At the time, Hérouxville was not overrun by murderously polygamous immigrants. In fact, it contained no immigrants at all. The village council just wanted to make a point — about foreigners, immigrants and especially Muslims."
The first thing we should note is that the law does not necessarily bear any relationship to empirical reality. Indeed, the minister who introduced it provide no evidence whatsoever to show why this law was needed. He claimed, for instance, that there "hundreds" of cases of polygamy in Canada but failed to substantiate this claim. 
This is important because it highlights the degree to which this perspective is ideological. Ideology is an odd thing in that it requires no proof. It is something that people just believe because it jives with their perception of the world, what they have been taught, or the views recycled by their friends. To someone who believes, for instance, that polygamy is run amuk in Canada, no evidence is needed because they are already convinced of this perspective. In this regard, I don't think this bill is pandering because that suggests a certain level of cynical manipulation. I don't know what Harper, or Baird or one of the other big name Conservatives think but I don't think that the average conservative -- small or big C -- is in anyway being dishonest or cynical. I  think they honestly believe that this is a serious problem. In the same way that the people of Herouxville needed no evidence to find ban stoning, the average conservative needs no evidence to ban polygamy. 

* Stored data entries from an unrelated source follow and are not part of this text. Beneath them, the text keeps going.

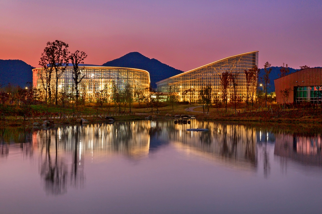 | ▲ 해 질 녘 호수에 비친 사계절전시온실의 풍경 [(c)2020.한국수목원관리원, 우승민 정원사진가 All rights reserved] |
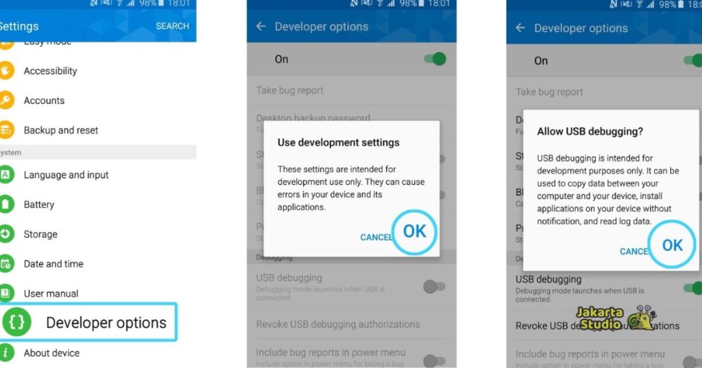 - Memastikan opsi USB Debugging dalam keadaan aktif di pengaturan
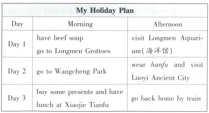 Hello, I'm Ben. I will have a 3 - day trip in Luoyang. I make a trip plan. On the 1. ______ day, I'm going to have some beef soup and go to Longmen Grottoes in the morning. I will 2. ______ Longmen Aquarium in the afternoon. The next day, we will go to Wangcheng Park in the morning. In the afternoon, I will 3. ______ hanfu and visit Luoyi Ancient City. The last day, I'm going to buy some 4. ______ for my friends and have lunch at Xiaojie Tianfu. Then I will go back home by 5. ______ with my parents.
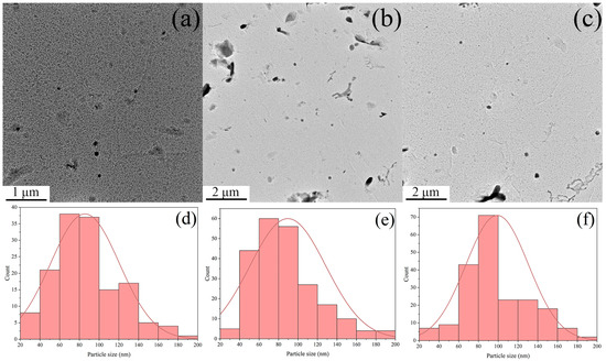 Carbon replica micrographs and particle size distribution at CTs of (a,d) 600; (b,e) 625; and (c,f) 650 °C.
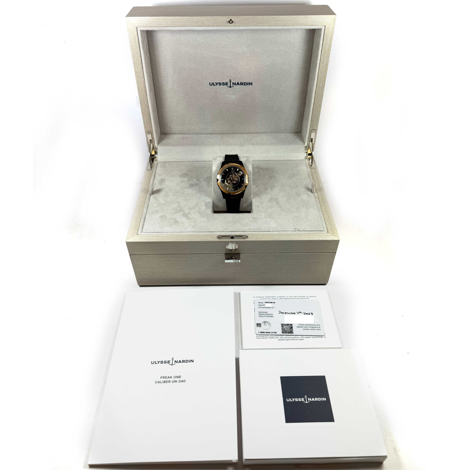 this ulysse nardin watch is in excellent overall condition showing some signs of surface wear consistent with preowned watches. This comes with its box, booklets, and warranty card dated december 4th, 2023 as shown in the pictures attached. This watch is in stock and available to ship immediately!
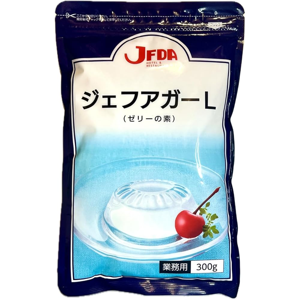 ぷるんとした食感の、海藻を主原料とする植物性ゼリーの素です。 無味無臭なので素材の風味を損ないません。 ゼリーや寄せものなどに幅広く使えます。 透明感のあるゼリーが作れます。常温で固まり、固まったゼリーは夏季の室温でも形が崩れません。 本品約20~23gで約1000~1500mlのゼリーができます。 (1)ジェフアガーLと砂糖を水気の無い容器の中で混ぜ合わせます。 (2)水の中へ、ダマにならないようにかき混ぜながら少しずつ入れます。 (3)火にかけてかき混ぜながら煮溶かし、軽く沸騰させて火を止めます。 (4)ジュースや牛乳など加え、型に流し入れ冷やし固めます。 製造所:伊那食品工業株式会社 販売者:株式会社ジェフダ 【使用上の注意】 ??果汁など酸味のあるものは、火を止めてから加えてください。 一緒に煮立てると固まらなくなることがあります。 ??ヨーグルト、乳酸飲料を加えると固まらなくなります。

The second thing to note is that, technically, this law -- or, much of this law -- is not needed. Polygamy is already illegal in Canada, as is "honour killing" or stoning. Exactly why people are even concerned about "honour killing" is a matter of some confusion to me as is why the term is even used. My friends and I call it murder? Does murdering someone somehow become acceptable if we say "my honour was at stake?" Conservatives seem to think so and are moving to close what they see as a gap in the law. Yet, the courts just don't agree. In Canada murder is murder is murder and always has been. So ... why do we need a separate law that covers one kind of murder (versus others)? The truth of the matter is that we don't and I'd ask you to pause and think about this. What would happen if we needed a separate law for each type of murder that could be committed? We'd have laws against "passion killings", against "gun went off while robbing the bank", against "killing relatives," etc. We don't have those laws because we don't need them. Once you make murder illegal ... murder is illegal, regardless of whom you kill. 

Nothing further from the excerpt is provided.